Top of Extracted records

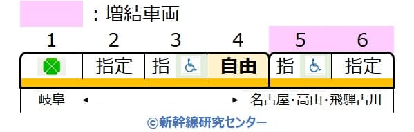 増結しない場合の編成は、「6両編成(基本編成)①|4号車が自由席」をご覧ください。
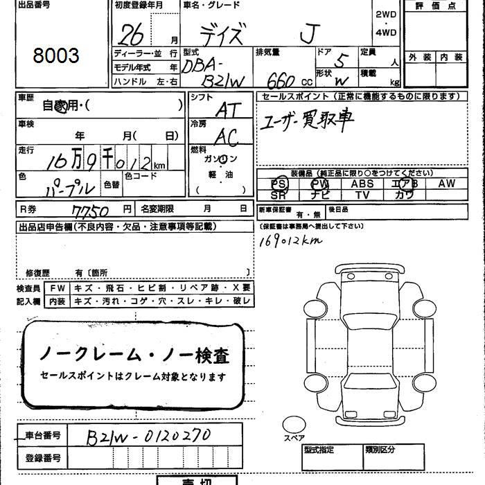 NISSAN DAYZ - лот 8003
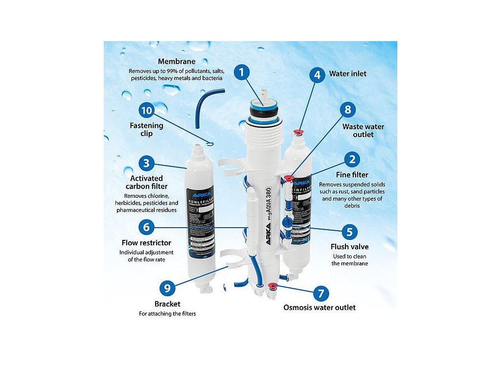 Obsah balení: 1× membrána, 1× pouzdro membrány, 1× patrona jemného filtru,1× vložka uhlíkového filtru, 1× membránový klíč, 1× přípojka vody
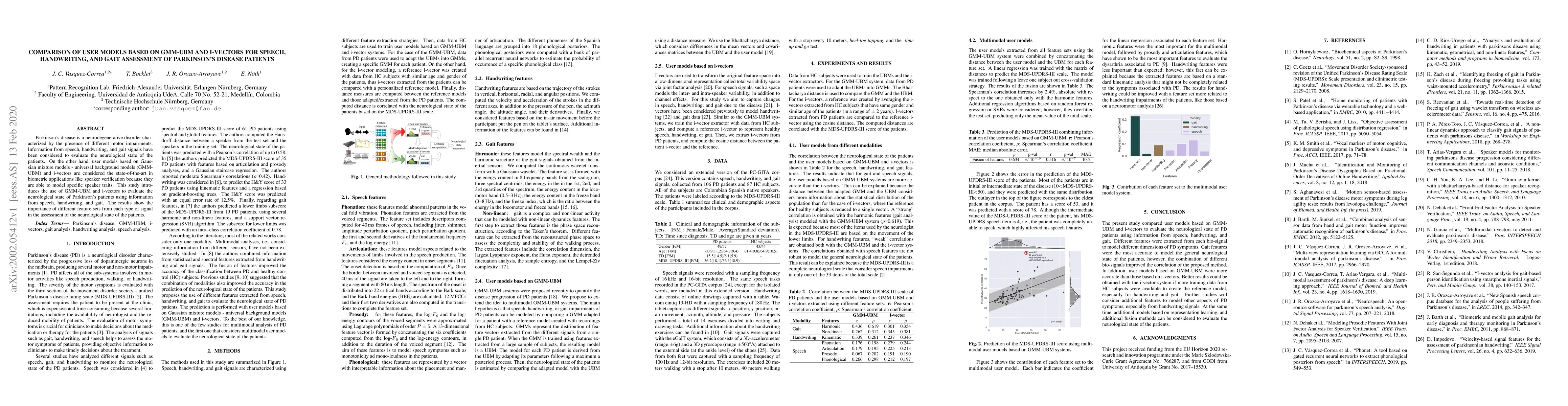 This research compares GMM-UBM and i-vectors in assessing Parkinson's disease through speech, handwriting, and gait analysis. Findings highlight the significance of various feature sets from these signals in evaluating patients' neurological states, suggesting their potential use in diagnosing and monitoring the disease.
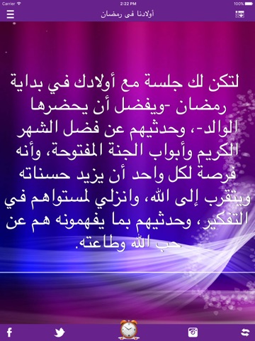 تطبيق رمضان يتضمن كل ما يتعلق بشهر رمضان الكريم من أدعية و أذكار الصباح و المساء و فتاوى نسائية و كيف تحبب أطفالك في الصوم و أداء العبادات بالإضافة إلى وصايا شهر رمضان والمسجات و صحة الصائم ...
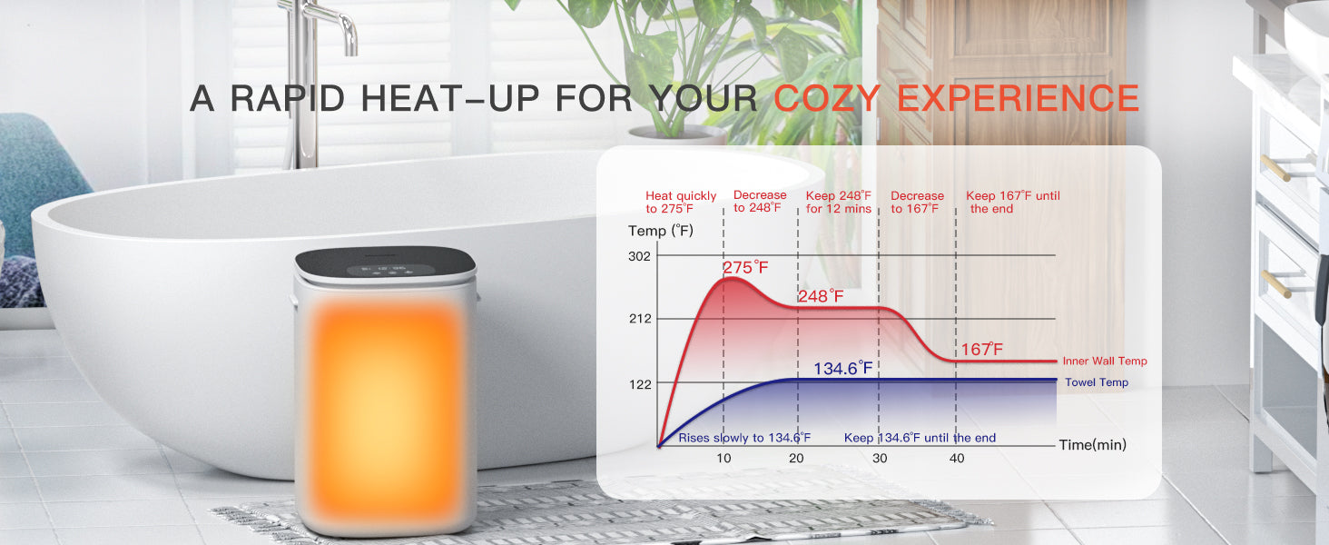 Transform your bathroom into a luxurious spa-like oasis with the DOACE Towel Warmer. Rapidly heating up in just 1 minute and reaching high temperatures in just 6 minutes, this ultra-large 23L capacity bucket accommodates up to two oversized bath towels, bathrobes, and even blankets. Choose the fragrance you like with the built-in disc holder, and effortlessly operate the digital LED display and sensitive touch panel. Its stylish design and hidden charger cable make it a perfect accessory for any home, pool house, shower, salon, hotel, spa, massage, baby care, elders, and more. Make the perfect gift for any occasion with the ultimate comfort of the DOACE Towel Warmer. Experience the daily surprise of a warm, fluffy towel after every bath.
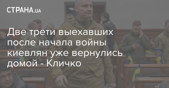 Две трети киевлян, которые в первые недели войны в Украине выехали из столицы, уже вернулись домой. Об этом в эфире телемарафона сообщил мэр Киева Виталий Кличко.
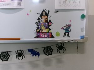 校内ではハロウィンの飾りつけを行い、にぎやかで楽しい雰囲気になっています!
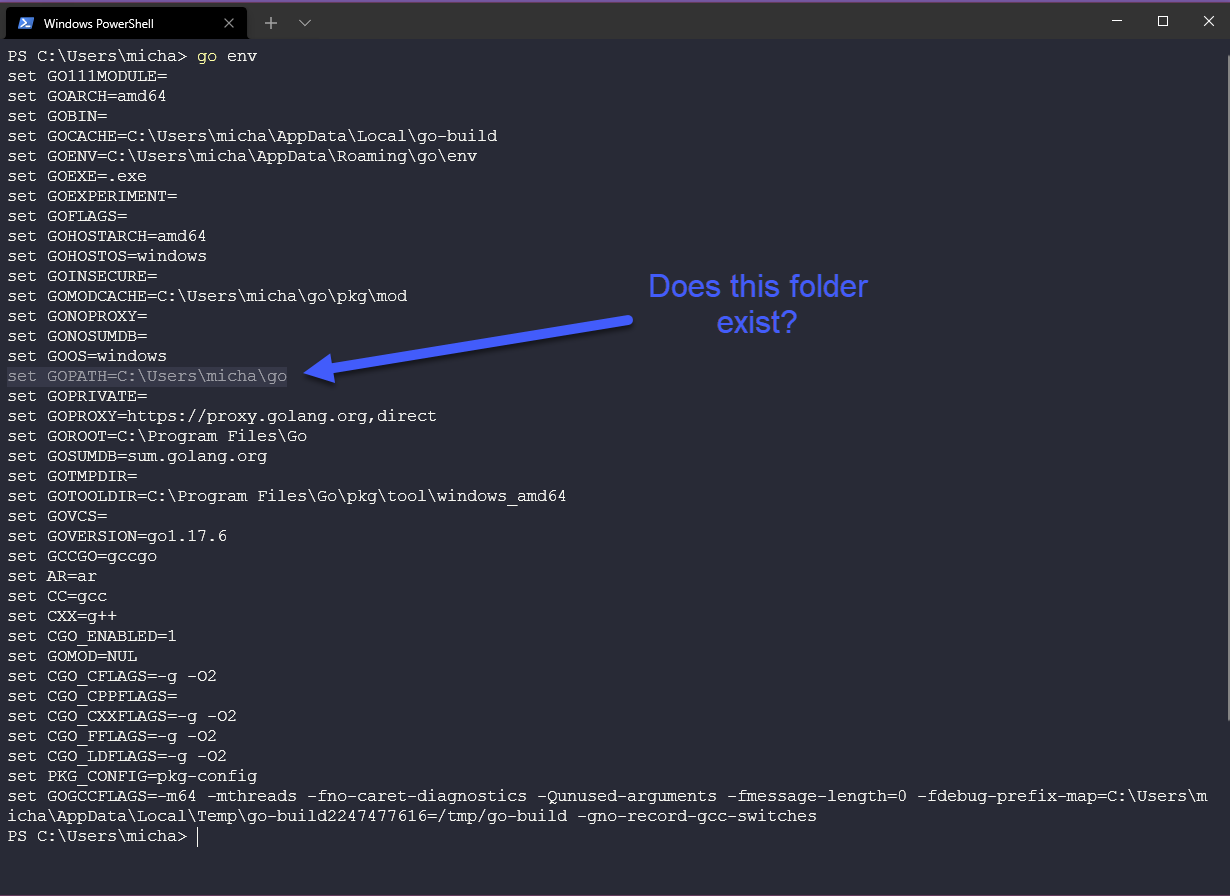 Tiếp theo, chúng ta sẽ kiểm tra môi trường cho Go để đảm bảo các việc các thư mục làm việc được cấu hình chính xác. Như bạn có thể thấy bên dưới, chúng ta cần đảm bảo rằng những thư mục sau có trên hệ thống của mình.

Bottom of Extracted records

Write every entry again exactly as given, skipping the pictures.

■ **Task result**
 増結しない場合の編成は、「6両編成(基本編成)①|4号車が自由席」をご覧ください。
 NISSAN DAYZ - лот 8003
 Obsah balení: 1× membrána, 1× pouzdro membrány, 1× patrona jemného filtru,1× vložka uhlíkového filtru, 1× membránový klíč, 1× přípojka vody
 This research compares GMM-UBM and i-vectors in assessing Parkinson's disease through speech, handwriting, and gait analysis. Findings highlight the significance of various feature sets from these signals in evaluating patients' neurological states, suggesting their potential use in diagnosing and monitoring the disease.
 تطبيق رمضان يتضمن كل ما يتعلق بشهر رمضان الكريم من أدعية و أذكار الصباح و المساء و فتاوى نسائية و كيف تحبب أطفالك في الصوم و أداء العبادات بالإضافة إلى وصايا شهر رمضان والمسجات و صحة الصائم ...
 Transform your bathroom into a luxurious spa-like oasis with the DOACE Towel Warmer. Rapidly heating up in just 1 minute and reaching high temperatures in just 6 minutes, this ultra-large 23L capacity bucket accommodates up to two oversized bath towels, bathrobes, and even blankets. Choose the fragrance you like with the built-in disc holder, and effortlessly operate the digital LED display and sensitive touch panel. Its stylish design and hidden charger cable make it a perfect accessory for any home, pool house, shower, salon, hotel, spa, massage, baby care, elders, and more. Make the perfect gift for any occasion with the ultimate comfort of the DOACE Towel Warmer. Experience the daily surprise of a warm, fluffy towel after every bath.
 Две трети киевлян, которые в первые недели войны в Украине выехали из столицы, уже вернулись домой. Об этом в эфире телемарафона сообщил мэр Киева Виталий Кличко.
 校内ではハロウィンの飾りつけを行い、にぎやかで楽しい雰囲気になっています!
 Tiếp theo, chúng ta sẽ kiểm tra môi trường cho Go để đảm bảo các việc các thư mục làm việc được cấu hình chính xác. Như bạn có thể thấy bên dưới, chúng ta cần đảm bảo rằng những thư mục sau có trên hệ thống của mình.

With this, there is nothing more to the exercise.